If the cast of American leaders had been kaleidoscopic, the main themes were hammered out with an almost monotonous consistency: The Navajos must stop roaming and become sedentary, full-time farmers, working private plots of individually owned land. They must become town-dwellers, and preferably Christians, hewing to clear national boundaries. They must select a single chief to speak for all the Navajo people and answer for all their crimes. In short, the Diné must cease being what they were—an amorphous concatenation of seminomadic bands—and become a single political entity. Over time, the tone with which the American commanders issued their
demands became ever more shrill: The Navajos must do all these things, or face extinction.

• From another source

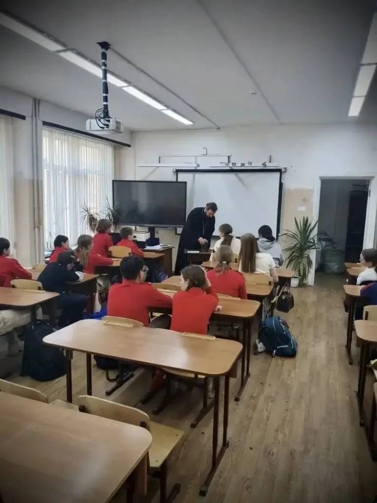 Отец Владимир провел с учащимися беседу, посвящённую значению Библии как нравственного ориентира для человека на протяжении веков. Батюшка поведал детям историю русского книгопечатания: школьники узнали о деятельности первопечатника Иоанна Федорова и первой датированной русской печатной книге — «Апостоле».
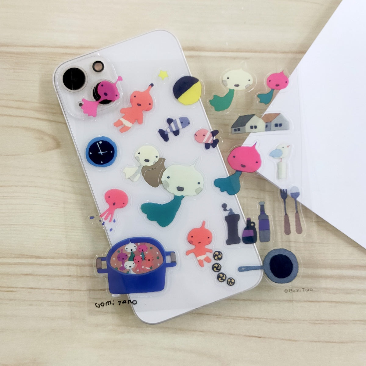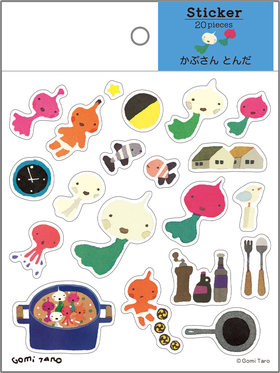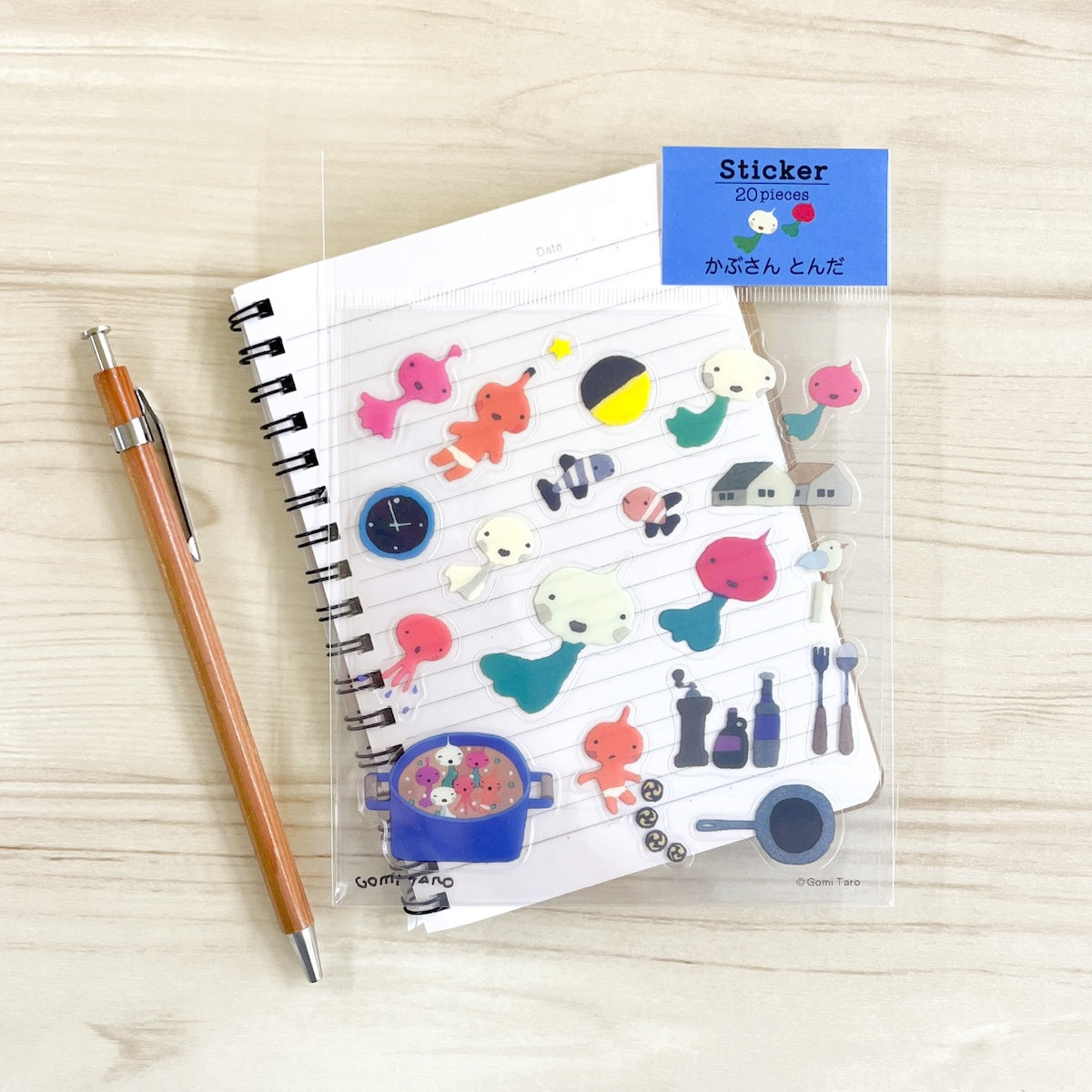 『かぶさん』のカラフルでポップな透明シール。透明なので、本体の色を生かして色々なものをデコレーションできます。カラーペンやマスキングテープの上に貼ると、さらに華やかに!20枚入り

During the mid-1850s there was perhaps only one bright spot in the American-Navajo relationship. For a few brief years a truly competent man held the office of Indian agent to the Navajo people. His name was Henry Linn Dodge, a perceptive young man from Wisconsin who had lived for years in the territory. Dodge got his first exposure to the Diné in 1849, when he accompanied the Washington Expedition into the Navajo lands. Most Indian agents regarded their posts as mere sinecures, and many were extravagantly corrupt. But Dodge pursued his job with great zeal and a curiosity to match. Soon after his appointment in 1853, he moved his office deep into Diné country. He learned to speak Navajo. He traveled constantly without military escort and befriended all the headmen, attending nightchants and other ceremonials. He brought blacksmiths to teach Navajos metallurgy, bought them wagonloads of hoes and axes often with his own money, led numerous peace delegations to Santa Fe, and lobbied for the creation of schools and the building of mills on Navajo land. He fell in love with the Navajo people—he even married within the tribe (so it was widely said). The Navajos called him “Red Sleeves” and considered him a friend, perhaps the first bilagaana who ever bothered to understand them.

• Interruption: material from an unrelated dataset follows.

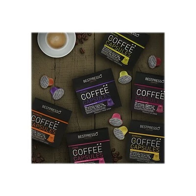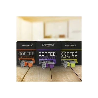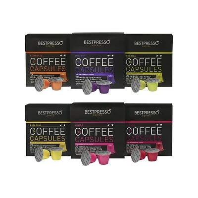 Savor the smooth body and rich, distinct taste of these pods. Compatible with most OriginalLine Nespresso machines, these coffee capsules are easy to use and ideal for preparing a quick cup. These Bestpresso pods include six different flavors and come with 120 to a box so that you can easily stock up office break rooms or shared kitchens easily.

His four-year tenure was a testament to the potential power of one-man diplomacy: While Dodge was agent, the Navajos remained substantially at peace, and reports of their raiding were scarce. For a brief time even the tenor of the talk about them changed. William Davis, a Harvard-trained lawyer and circuit court judge who was also a writer of some note and had made a trip with Dodge and other peace emissaries deep into Navajo country in 1855, theorized that the Diné may well be a remnant of the Lost Tribes of Israel (a fashionable anthropological topic of his day). “In many respects the Navajos are the most interesting tribe of Indians in our country,” Davis wrote in his perceptive study of New Mexico, El Gringo, published in 1856. “The modern doctrine of ‘Women’s Rights’ may be said to prevail among them to a very liberal extent. Women are admitted into their councils and sometimes control their deliberations. The Navajos are mild in disposition, and very seldom commit murder.” They were, Davis concluded, “a superior race of Indians.”